| Date | November 2014 | Marks available | 2 | Reference code | 14N.1.sl.TZ0.10 |
| Level | SL only | Paper | 1 | Time zone | TZ0 |
| Command term | Calculate | Question number | 10 | Adapted from | N/A |
Question
Minta surveyed students from her school about their preferred morning snack from a choice of an apple, a fruit salad or a smoothie.
She surveyed 350 students, of whom 210 are female.
She performed a \({\chi ^2}\) test at the 5% significance level to determine whether there is a relationship between the choice of morning snack and gender.
State Minta’s null hypothesis.
State the number of degrees of freedom.
150 students showed a preference for a smoothie.
Calculate the expected number of female students who chose a smoothie.
Minta found that the calculated value of the \({\chi ^2}\) test was 3.576. The critical value at the 5% significance level is \(5.99\).
State Minta’s conclusion.
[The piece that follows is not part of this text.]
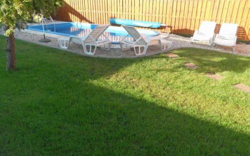 terasz, autóbeállók, nagy kert, parkoló, napozóágyak, medence

Give a reason for your answer.
Markscheme
\({{\text{H}}_0}\): Choice of morning snack is independent of (not dependent on) gender. (A1) (C1)
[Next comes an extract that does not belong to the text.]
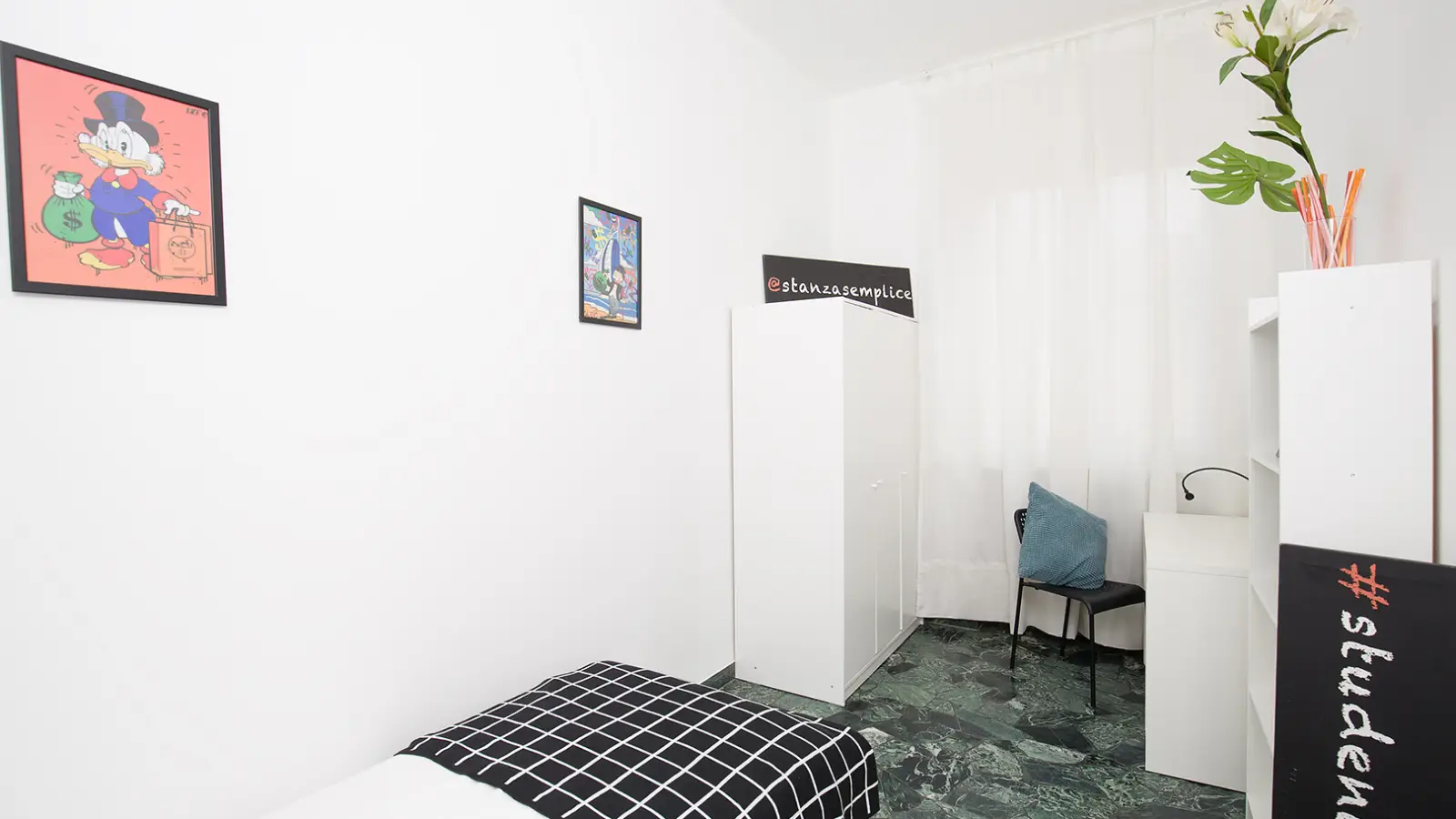 Zona Centro, posición estratégica y ambita, si affitta una bellissima stanza singola Stanza Semplice ristrutturata appositamente per offrire comfort e comodità ai nostri Studenti. La estrofa è dotata di letto singolo, armadio 3 ante, scrivania, comodino, tendaggi, specchio, libreria. I colori delle pareti favoriscono il buon umore e aiutano nello studio.

Note: Accept there is “no association” between snack chosen and gender.
Do not accept “not related” or “not correlated” or “influenced”.
\(2\) (A1) (C1)
\(\frac{{210 \times 150}}{{350}}\) (M1)
Note: Award (M1) for correct substitution in the correct formula.
\( = 90\) (A1) (C2)
Null hypothesis is accepted (not rejected). (A1)
OR
Choice of morning snack is independent of gender (A1)
\(3.576 < 5.99\;\;\;{\mathbf{OR}}\;\;\;\chi _{{\text{calc}}}^2 < \chi _{{\text{crit}}}^2\) (R1) (C2)
Note: Do not award (A1)(R0).